Friday, May 4, 2018

THE HEALTH & SAFETY HANDBOOK a practical guide to health and safety law, management policies and procedures By JEREMY STRANKS

  THE HEALTH & SAFETY HANDBOOK a practical guide to health and safety law, management policies and procedures By JEREMY STRANKS

Contents:
1 Principles of health and safety law
2 Health and safety management
3 The working environment
4 Engineering safety
5 Fire prevention and protection
6 Electrical safety
7 Health and safety in construction operations
8 Occupational health
9 Personal protective equipment
10 Human factors
11 Hazardous substances
INTRODUCTION:
Health and safety law is concerned with both the criminal and civil liabilities of employers towards their employees and to other persons who may be affected by their activities, such as the employees of contractors, visitors and members of the public. It takes the form of both common law and statute law.
Common law
Common law is the unwritten law in that it is not specified in statutes or regulations. It is based on the decisions of the civil courts over many years and bound by the doctrine of precedent. It is essentially law made by judges, which has been formed into a body of principles and rules. As such, it is synonymous with case law and is the principal area of law concerned with civil liability. Its various rules and principles are to be found in the law reports, such as the All England Reports (AER).
Statute law
Statutes, or Acts of Parliament, are the written law, such as the Health and Safety at Work etc Act (HSWA) 1974, the principal statute dealing with health and safety at work.

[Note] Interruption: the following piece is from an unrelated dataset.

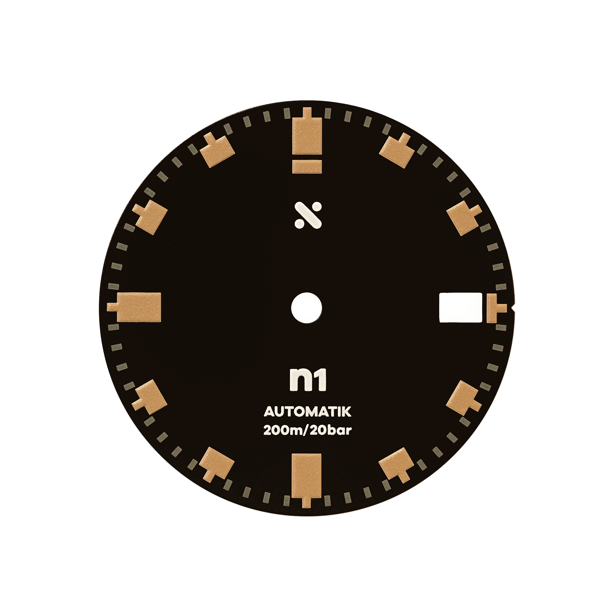Our U1 dial is filled with C3 Super-LumiNova® Lume and brown pigments to achieve a warm, creamy lume tone. Due to the added pigments, please note that lume intensity and longevity are reduced compared to standard C3 Lume.
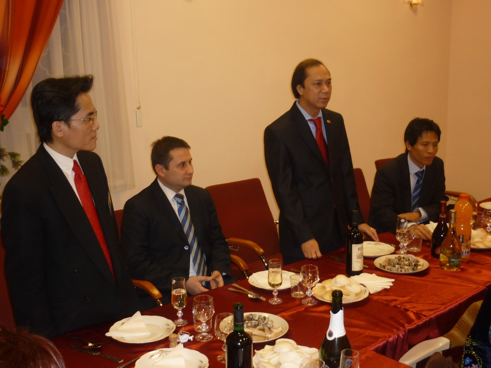 Trong tiệc chiêu đãi, các vị khách quý Hungary đã cùng đại diện ĐSQ và đại diện các hội đoàn trong cộng đồng nâng cốc chúc năm mới và thưởng thức những món ẩm thực truyền thống Việt Nam.

The HSWA is an enabling Act entitling the Secretary of State for Employment to make regulations, such as the Control of Substances Hazardous to Health (COSHH) Regulations. Statutes and regulations generally give rise to criminal liability. Employers who breach, for instance, the HSWA, or regulations made under the HSWA, may be subject to prosecution by one of the enforcement authorities, such as the Health and Safety Executive (HSE) or the local authority, in the criminal courts. Most prosecutions commence in the Magistrates’ Court. This court handles the bulk of the less serious health and safety offences where an offender, if found guilty of the charges levied, can be fined or imprisoned, or both. More serious cases are dealt with, on indictment, in the Crown Court, where trial is before a judge and jury.
CIVIL LAW
The duty to take reasonable care A breach of the common law gives rise to civil liability. Under the common law, employers owe their employees a duty to take reasonable care in order to avoid death, injuries and disease arising from work.